Reproduce everything from the line that contains "Смесители для кухни, латунные" down to the line that contains "Kromě motorsportu je" in the listing below, word for word and nothing more. Leave the pictures out.
** Opening EXERCISE INPUT block **
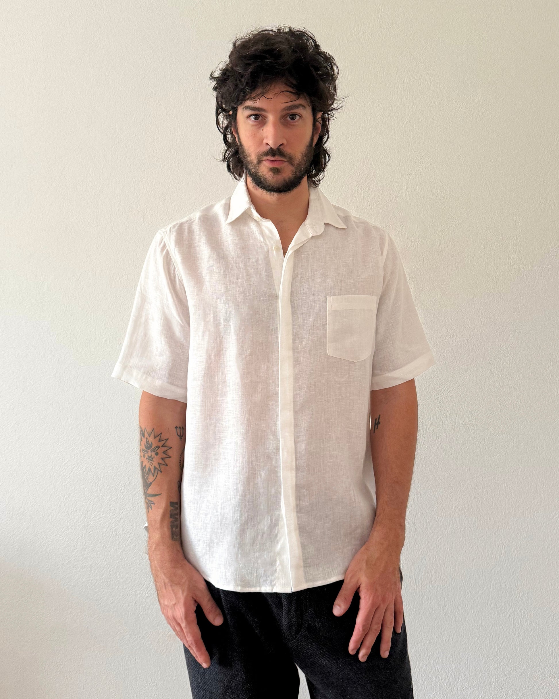 A Camisa Miguel é a versão de manga curta da camisa Gabriel. Solta e leve, feita em linho, com botões ecológicos. Ideal para compor looks versáteis e sofisticados.
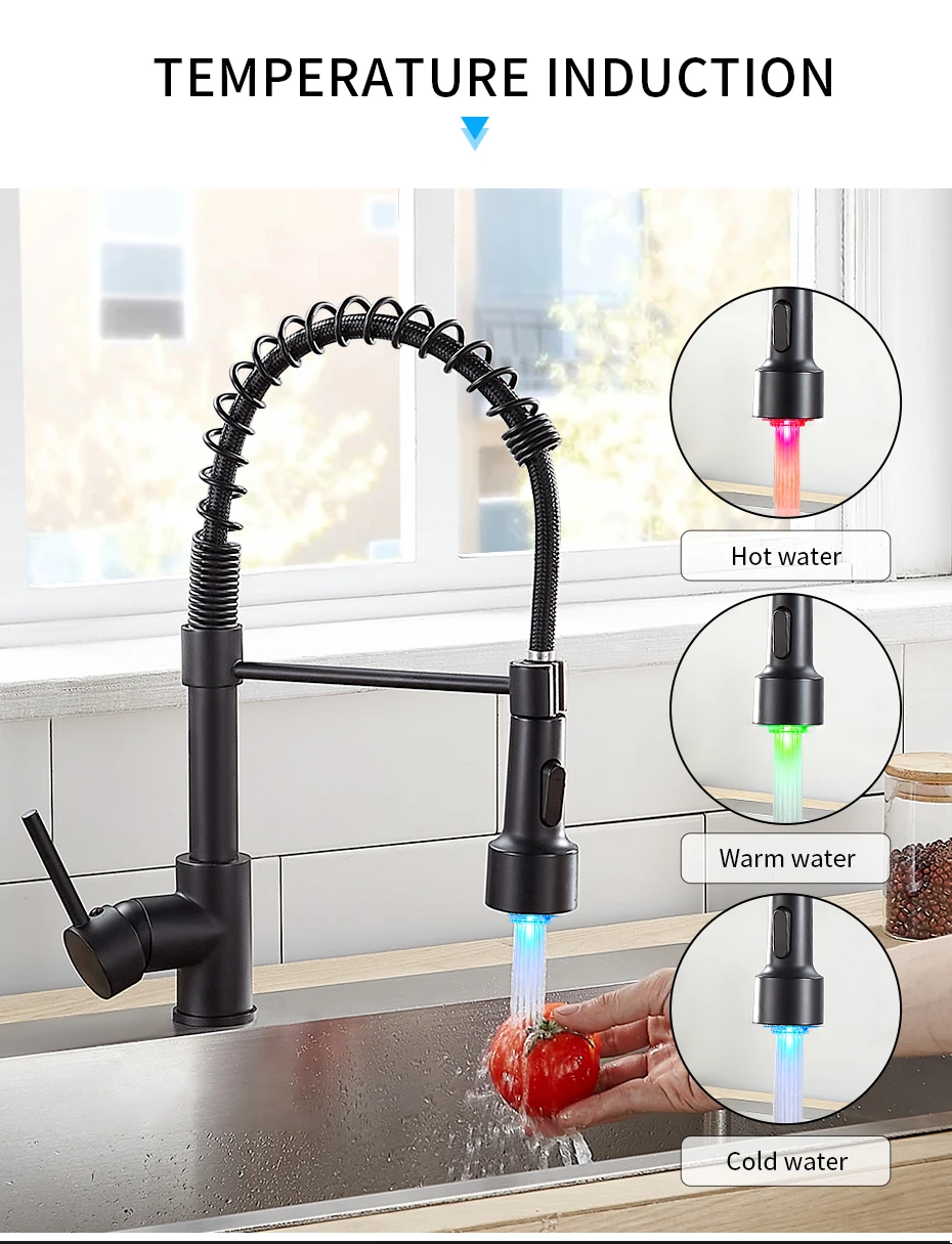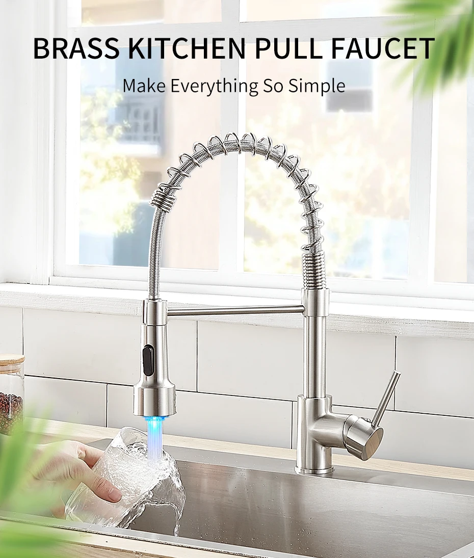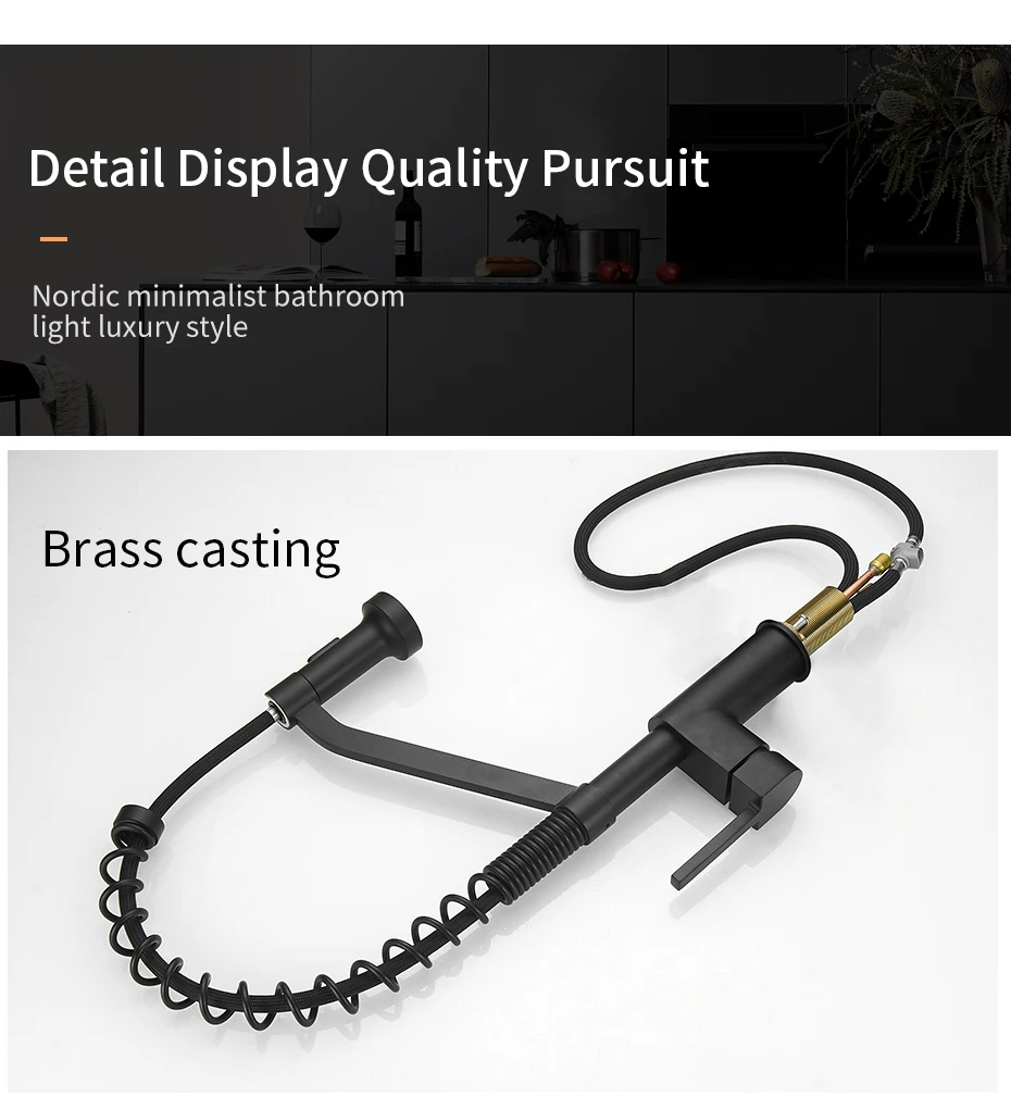 Смесители для кухни, латунные смесители для кухонной раковины, Однорычажный Выдвижной пружинный излив, смесители, кран для горячей и холодной воды 9009
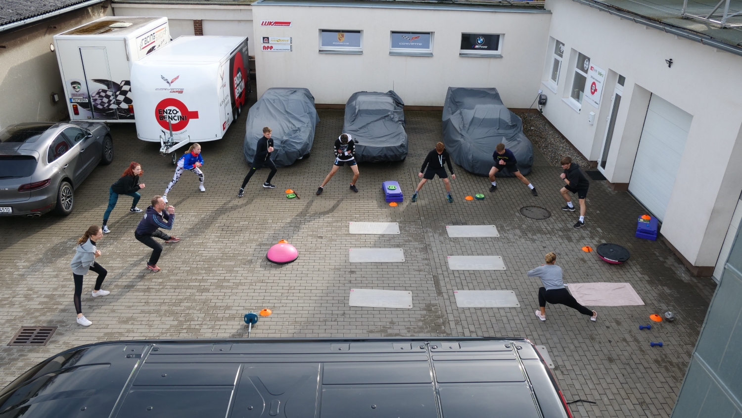 Kromě motorsportu je důležitá i fyzická příprava, která zahrnuje různorodé sportovní aktivity.
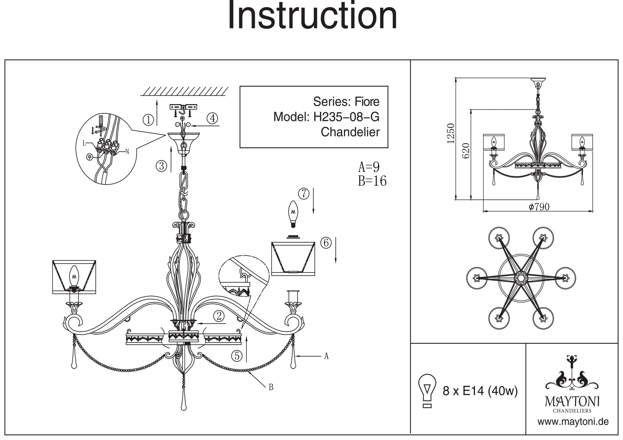 Люстра подвесная H235-08-G из серии Fiore от компании Maytoni устанавливается на металлический крюк. Люстра прекрасно подойдет в качестве источника основного света для гостиной, холла, спальни, кабинета, оформленных в стиле модерн, арт-деко. Основной цвет модели - белый, материал арматуры - металл. Люстра имеет 8 абажуров, материал изготовления - ткань. Модель оснащена цоколем E14 (8xE14), имеет 8 лампочек с общей мощностью 320W и напряжением 220V. Светильник поддерживает подключение диммера. Габариты: высота - 1140 мм, диаметр - 910 мм, длина подвеса - 400 мм. Лампочки в комплект не входят. Лучшая цена и условия доставки на Maytoni H235-08-G в интернет-магазине Fedomo.ru.
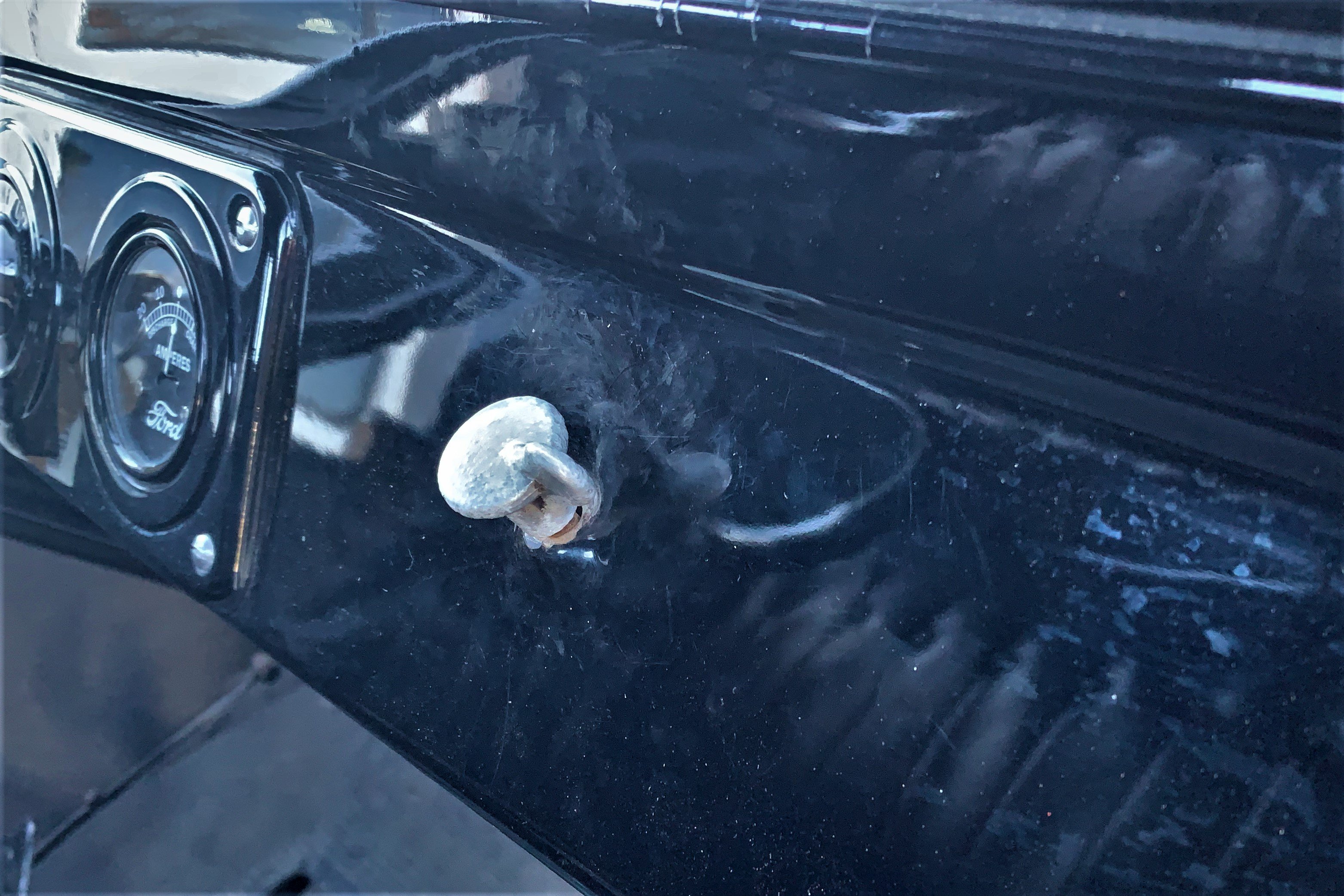 The upper nut for the oval head nickel plated screw is a square nut with lockwasher, as that one is rather easy to reach.
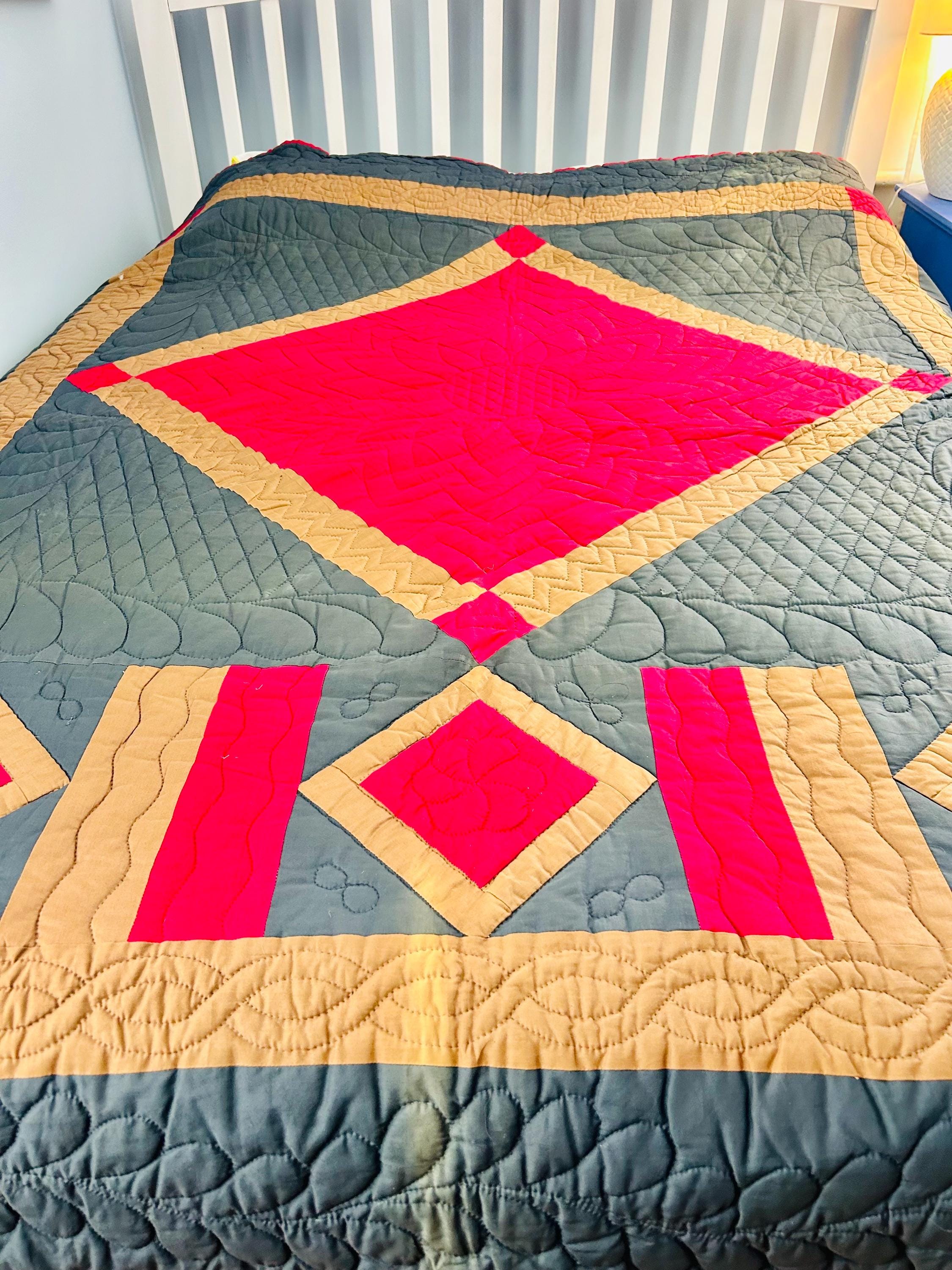 The quilt comes from a smoke-free and pet-free home and is shown on a queen-size bed.
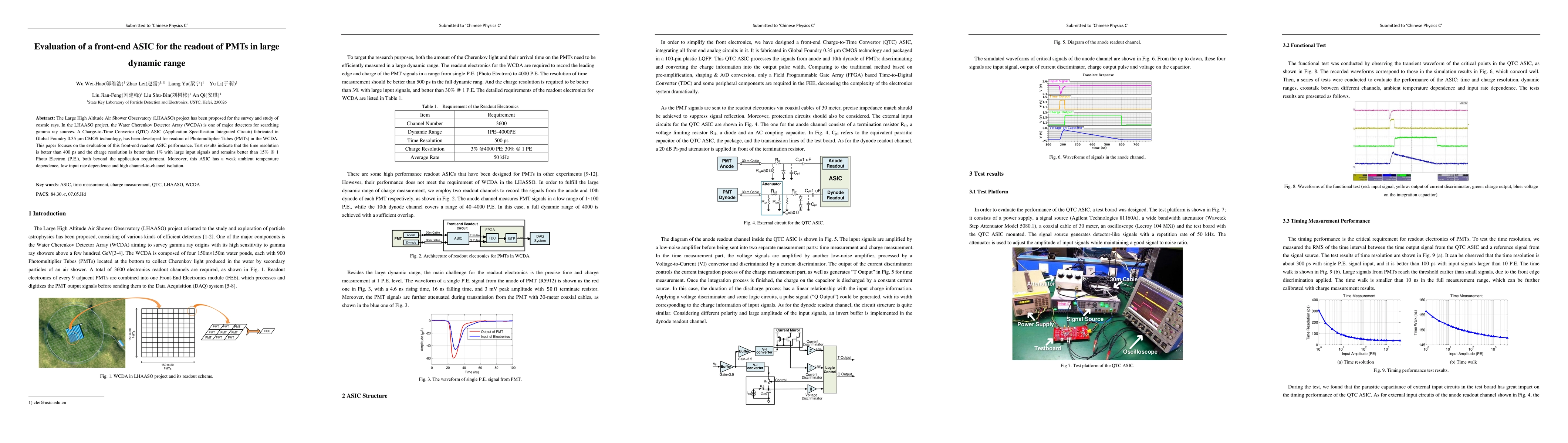 This paper evaluates a front-end ASIC for reading Photomultiplier Tubes in the LHAASO project's Water Cherenkov Detector Array, demonstrating time resolution below 400 ps and charge resolution better than 1% for large signals, surpassing application requirements.
** Closing EXERCISE INPUT block **
● **SOLUTION**:
 Смесители для кухни, латунные смесители для кухонной раковины, Однорычажный Выдвижной пружинный излив, смесители, кран для горячей и холодной воды 9009
 Kromě motorsportu je důležitá i fyzická příprava, která zahrnuje různorodé sportovní aktivity.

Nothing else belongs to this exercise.